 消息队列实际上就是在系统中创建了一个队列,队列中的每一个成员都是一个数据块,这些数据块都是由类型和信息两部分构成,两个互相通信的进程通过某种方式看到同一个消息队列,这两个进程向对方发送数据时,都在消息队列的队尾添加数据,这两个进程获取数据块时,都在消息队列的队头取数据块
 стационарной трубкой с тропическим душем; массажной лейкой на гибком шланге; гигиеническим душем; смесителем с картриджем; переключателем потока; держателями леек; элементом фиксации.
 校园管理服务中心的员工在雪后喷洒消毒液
==
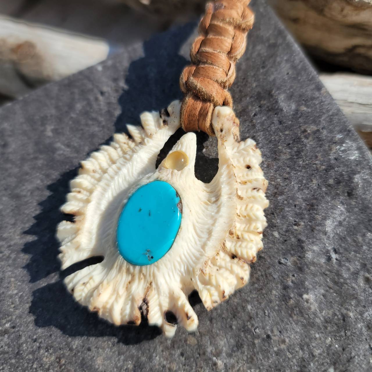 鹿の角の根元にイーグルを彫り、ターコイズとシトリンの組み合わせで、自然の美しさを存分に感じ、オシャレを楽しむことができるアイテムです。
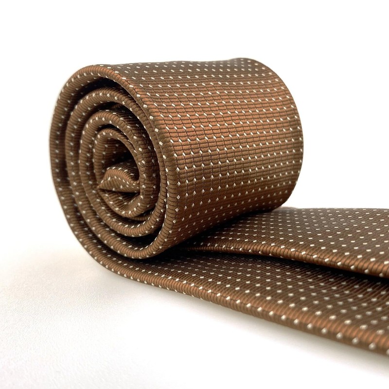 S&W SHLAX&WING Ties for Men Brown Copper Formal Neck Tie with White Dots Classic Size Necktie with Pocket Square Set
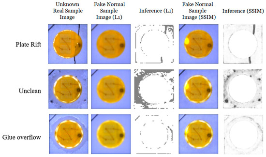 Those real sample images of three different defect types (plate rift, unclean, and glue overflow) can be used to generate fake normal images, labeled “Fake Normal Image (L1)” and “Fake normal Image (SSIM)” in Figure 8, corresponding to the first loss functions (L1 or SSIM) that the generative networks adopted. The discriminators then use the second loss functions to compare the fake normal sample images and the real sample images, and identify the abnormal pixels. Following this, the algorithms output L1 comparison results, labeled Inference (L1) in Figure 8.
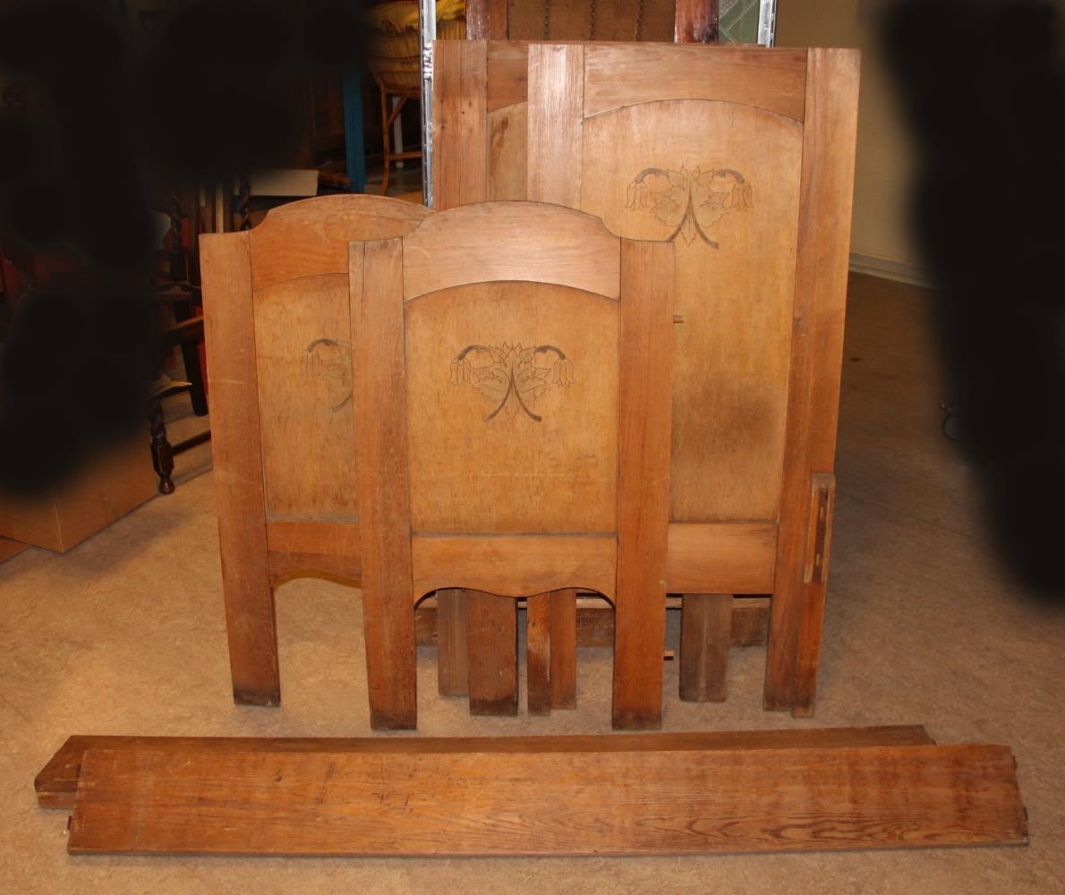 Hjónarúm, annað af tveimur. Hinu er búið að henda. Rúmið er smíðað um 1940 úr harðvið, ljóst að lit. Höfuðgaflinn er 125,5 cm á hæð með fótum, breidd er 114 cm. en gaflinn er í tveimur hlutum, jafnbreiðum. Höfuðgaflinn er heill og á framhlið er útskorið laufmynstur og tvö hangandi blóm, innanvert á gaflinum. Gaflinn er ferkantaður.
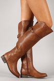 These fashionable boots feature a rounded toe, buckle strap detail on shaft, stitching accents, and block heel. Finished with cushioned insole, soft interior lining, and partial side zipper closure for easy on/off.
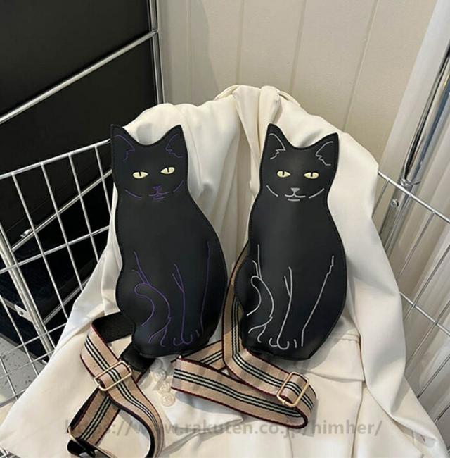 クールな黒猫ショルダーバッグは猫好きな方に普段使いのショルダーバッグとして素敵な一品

## DESCRIPTION OF THE TASK
One stretch of the lines above is wanted, from the line that contains "消息队列实际上就是在系统中创" through the line that contains "校园管理服务中心的员工在雪后喷洒消毒液". Output it exactly.

## REPLY TO THE EXERCISE
 消息队列实际上就是在系统中创建了一个队列,队列中的每一个成员都是一个数据块,这些数据块都是由类型和信息两部分构成,两个互相通信的进程通过某种方式看到同一个消息队列,这两个进程向对方发送数据时,都在消息队列的队尾添加数据,这两个进程获取数据块时,都在消息队列的队头取数据块
 стационарной трубкой с тропическим душем; массажной лейкой на гибком шланге; гигиеническим душем; смесителем с картриджем; переключателем потока; держателями леек; элементом фиксации.
 校园管理服务中心的员工在雪后喷洒消毒液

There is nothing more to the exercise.